Today, car culture is everywhere - in television ads, glossy magazines, glitzy showrooms and international auto shows with scantily clad models. For China's rising middle class, the new prosperity symbolised by the car is intoxicating. For the future of Chinese society, the environment and the world, some of the prospects are chilling.
The story of The Cars That Ate China is told through a diverse group of characters whose lives have been transformed by the car revolution.
We meet a group of well-off kids who race their modified cars around Beijing's highways in the middle of the night; a newly rich small businessman who drives his first new car back to his rural village to proudly show his 75-year-old-father; an American ad man who creates TV commercials to sell cars as status symbols to Chinese men; a migrant family that has come to Beijing to start a car wash business; a millionaire real estate developer who drives a Bentley; a young activist attempting to prevent Beijing's historic neighbourhoods from being destroyed by road construction and high rises; an English writer and Beijing resident who foresees environmental Armageddon; and a female worker who says she is a small screw in the big car called China.
Their stories reflect the hopes, fears, conflicts and contradictions of a society caught up in a whirlwind of unprecedented change.
The film is set in Beijing, once called the 'Bicycle Kingdom' and now the epicentre of China's exploding car culture. The story is a poignant and surprising parable about a world that has profound repercussions for our own.

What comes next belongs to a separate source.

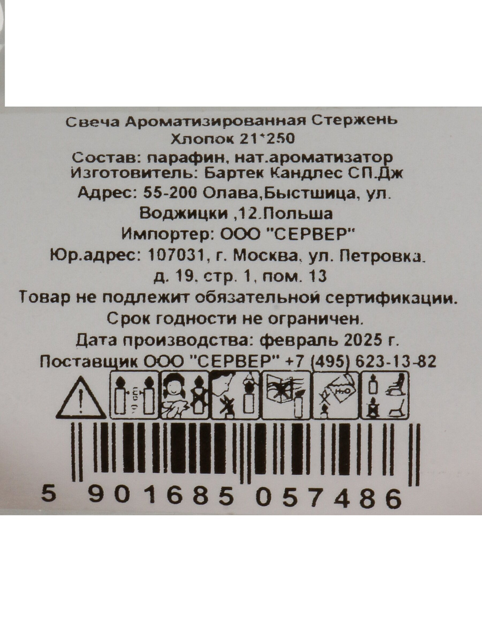Вы можете приобрести «Свеча ароматизированная, 25х2.1 см, стержень, Bartek Candles, Хлопок, классическая, 90 гр» и другие товары в нашем интернет-магазине в Обнинске по низким ценам и с бесплатным самовывозом.

It was a real eye opener and made you realise how lucky we are in Australia to have what we have. The doco also travelled around with a VW car club which had around 20,000 members. The camera's followed them on a club run and dont they drive like crazy on the freeways.
Was a great show to watch, not sure if it will be on ABC2 in the future, but keep an eye out for it.
About the show:
China is in the midst of an automotive revolution that has not been witnessed since the halcyon days of Henry Ford. Cars are now the ultimate symbol of status and prosperity in a country that is well on its way to becoming the biggest economy in the world.
But car culture is also bringing about volatile class divisions, the world's worst air pollution, and fierce global competition for limited resources. And it's only just begun.
China is already the second largest auto market in the world and will soon be the biggest - automakers from around the world are in a feeding frenzy for a piece of the action.
Today, car culture is everywhere - in television ads, glossy magazines, glitzy showrooms and international auto shows with scantily clad models. For China's rising middle class, the new prosperity symbolised by the car is intoxicating. For the future of Chinese society, the environment and the world, some of the prospects are chilling.
The story of The Cars That Ate China is told through a diverse group of characters whose lives have been transformed by the car revolution.
We meet a group of well-off kids who race their modified cars around Beijing's highways in the middle of the night; a newly rich small businessman who drives his first new car back to his rural village to proudly show his 75-year-old-father; an American ad man who creates TV commercials to sell cars as status symbols to Chinese men; a migrant family that has come to Beijing to start a car wash business; a millionaire real estate developer who drives a Bentley; a young activist attempting to prevent Beijing's historic neighbourhoods from being destroyed by road construction and high rises; an English writer and Beijing resident who foresees environmental Armageddon; and a female worker who says she is a small screw in the big car called China.
Their stories reflect the hopes, fears, conflicts and contradictions of a society caught up in a whirlwind of unprecedented change.
The film is set in Beijing, once called the 'Bicycle Kingdom' and now the epicentre of China's exploding car culture. The story is a poignant and surprising parable about a world that has profound repercussions for our own.